After collecting traces, the data needs to be prepared for training [17:48:00].

  • Push to Hub: Traces (tools and conversations) are pushed to a dataset on Hugging Face Hub [17:51:00].
  • Unrolling Data: For multi-turn conversations, the data is “unrolled” into multiple rows. For example, a three-turn conversation becomes three rows, allowing the model to train on different lengths of conversational context [18:11:00]. This is particularly useful because the Quen template only includes reasoning from the most recent turn [18:34:00].
  • Chat Template: The messages and tools data are passed into a chat template, which converts them into a single long string of text, including system messages, tool descriptions, user messages, assistant responses, and tool calls [23:40:00].

3. Fine-tuning the Model

Finetuning AI models for better performance involves loading the model, preparing it for training, and running the training process.

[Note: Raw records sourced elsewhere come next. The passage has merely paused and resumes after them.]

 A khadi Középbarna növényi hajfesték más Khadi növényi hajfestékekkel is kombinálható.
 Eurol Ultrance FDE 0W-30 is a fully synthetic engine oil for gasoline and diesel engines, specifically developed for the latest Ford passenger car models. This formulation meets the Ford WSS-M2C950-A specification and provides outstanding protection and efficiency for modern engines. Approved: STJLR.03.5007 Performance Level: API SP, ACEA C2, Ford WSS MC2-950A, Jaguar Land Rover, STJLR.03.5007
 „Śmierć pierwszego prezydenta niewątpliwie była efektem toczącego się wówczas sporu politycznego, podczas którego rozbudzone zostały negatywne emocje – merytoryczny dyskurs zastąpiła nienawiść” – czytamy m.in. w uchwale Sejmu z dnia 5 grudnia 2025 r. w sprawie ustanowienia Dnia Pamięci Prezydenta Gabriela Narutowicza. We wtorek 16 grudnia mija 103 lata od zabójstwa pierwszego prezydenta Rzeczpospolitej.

  • Model Loading: A smaller model (e.g., 4B parameter Quen model) is loaded for fine-tuning. Max sequence length should be set appropriately (e.g., 32,000) [23:16:00].
  • Applying LoRA Adapters: To save VRAM and train efficiently, LoRA (Low Rank Adapters) are applied to specific parts of the model (e.g., attention modules, MLP layers). This means only a small percentage of parameters are trained, while the main weights remain frozen [23:50:00].
  • Training Parameters:
    • Batch Size: Often set to one due to VRAM limitations, though larger batch sizes (e.g., 32) are ideal for smoother training [28:34:00].
    • Epochs: Often trained for a single epoch with a small dataset [28:48:00].
    • Learning Rate: Relatively high for small models [28:58:00].
    • Optimizer: AtomW 8-bit optimizer can be used to save VRAM [29:03:00].
  • Manual Traces vs. RL: It’s highly recommended to start with supervised fine-tuning (SFT) using curated manual traces before considering reinforcement learning (RL) methods like GRPO. High-quality SFT data can significantly speed up subsequent RL training by ensuring the model generates useful traces early on [32:00:00].

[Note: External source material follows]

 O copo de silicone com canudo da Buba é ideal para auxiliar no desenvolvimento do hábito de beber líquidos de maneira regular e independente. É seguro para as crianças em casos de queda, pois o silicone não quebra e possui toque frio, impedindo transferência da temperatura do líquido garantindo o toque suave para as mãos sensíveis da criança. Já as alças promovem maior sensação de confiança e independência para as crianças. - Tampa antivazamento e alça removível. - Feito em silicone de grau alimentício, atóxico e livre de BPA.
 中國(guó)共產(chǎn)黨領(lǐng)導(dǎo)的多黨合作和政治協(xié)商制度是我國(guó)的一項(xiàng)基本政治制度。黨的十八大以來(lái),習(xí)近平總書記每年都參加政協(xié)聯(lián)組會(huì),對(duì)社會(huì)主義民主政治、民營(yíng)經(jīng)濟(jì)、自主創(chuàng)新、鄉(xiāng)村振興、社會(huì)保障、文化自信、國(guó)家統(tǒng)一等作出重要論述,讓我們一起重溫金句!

4. Evaluation and Deployment

  • Pre- and Post-Finetuning Inference: Run inference on the model before and after fine-tuning to observe performance changes, especially on multi-step tasks where smaller, untrained models typically struggle [25:54:00].
  • Model Saving and Pushing: After training, the fine-tuned model and tokenizer can be saved and pushed to Hugging Face Hub, optionally merged to 16 bits [30:30:00]. This allows direct deployment of the fine-tuned model as an inference endpoint by simply updating the model name in the RunPod configuration [30:46:00].
  • Advanced Evaluation: For more robust evaluation, a dedicated evaluation set (hundreds of traces), and logging with TensorBoard are recommended [31:05:00].

Resources

All materials for this workshop are available online in the Trellis Research AI Worlds Fair 2025 GitHub repository, specifically in the MCP agent fine-tune folder [00:45:00]. Further details on setting up custom MCP servers can be found in other Trellis Research YouTube videos [35:11:00].